To compete on a global playing field, municipalities in the Metro Edmonton region should hunt in a pack.

That was part of the conclusions reached by an independent panel in a report paid for by nine municipalities, including St. Albert and Sturgeon County. Other contributing municipalities were Edmonton, Fort Saskatchewan, Leduc, Leduc County, Parkland County, Spruce Grove and Strathcona County.

The report suggested working together closely on regional issues, noting the nine municipalities listed represented 95 per cent of the region’s population and about 80 per cent of the land.

“The frank assessment is that you’re coping now,” said Don Lowry, the former president and CEO of Epcor Utilities and chair of the panel. But to succeed globally, he suggested steps need to be taken.

“Nobody’s waiting for this region,” Lowry said, and he and vice chair Carman McNary hinted at opportunities already lost.

They targeted three areas that the Metro Mayors Alliance – the nine mayors of the contributing municipalities – should look at working together in more closely. The three areas are economic development, public transit and land use planning and infrastructure development.

Attached recommendations included considering signing a memorandum of understanding between the municipalities.

There has been talk for many years of regional collaboration, the pair noted during a Friday press conference.

“This region has been talking about change as long as I’ve been alive,” McNary said. But time might be ripe for a change with the co-operation of the municipalities who commissioned the report, which was budgeted for $600,000.

However, Lowry was clear they were not suggesting amalgamation, though they examined the idea.

“Amalgamation was not the path to success,” Lowry said.

The report also encouraged higher density developments, predicting if the “business as usual” approach to development is taken along current trends, in 50 years 87,700 hectares of agriculture lands and 50,200 hectares of natural areas could be lost in a high growth scenario.

St. Albert Mayor and Capital Region Board chair Nolan Crouse said the report reinforces some things that are already happening.

For instance, the CRB is looking at economic development, while St. Albert and Edmonton are starting the process of exploring regional commuter transit co-operation.

“This pushes that agenda forward a little bit, probably,” he said, noting it might encourage more communities to join up on the transit plans.

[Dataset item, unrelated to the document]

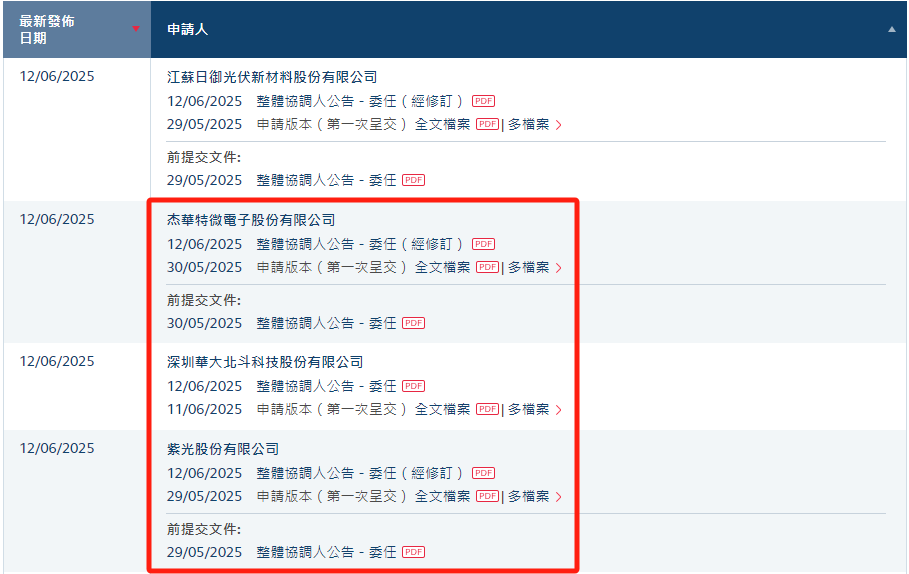 披露易官网显示,6月12日,杰华特微电子股份有限公司、深圳华大北斗科技股份有限公司、紫光股份有限公司等3家半导体领域公司,均递交了港股IPO招股书。
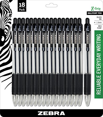 ZEBRA Z-Grip Retractable Ballpoint Pen, 1.0mm, Black Ink, 18 Pack (22218)

Economic development has been a tough nut to crack for the CRB, he said, and this might help push that forward as well.

“The long and short of it, I’m excited because the Capital Region Board has moved on these things, they’re just giving it kind of a one more push with more nuances,” Crouse said.

He was intrigued by some of the nuances in the report, like the idea of pooling money for infrastructure.

Both this report and the Capital Region Board’s planned growth plan update call for more density, a topic that has been known to spark lively debates in St. Albert’s past.

“I think this is going to be a challenge for St. Albert and Strathcona, or Sherwood Park,” Crouse said.

A St. Albert city council discussion of the report will be held July 11.

Sturgeon County Mayor Tom Flynn echoed Crouse’s points alignment with the CRB.

“Some of it matches the Capital Region Board stuff,” he said.

He noted that none of the nine councils for the participating municipalities have really had a chance to digest the report yet. He said Sturgeon County council’s discussions will likely come in the next few weeks, ideally before their summer break.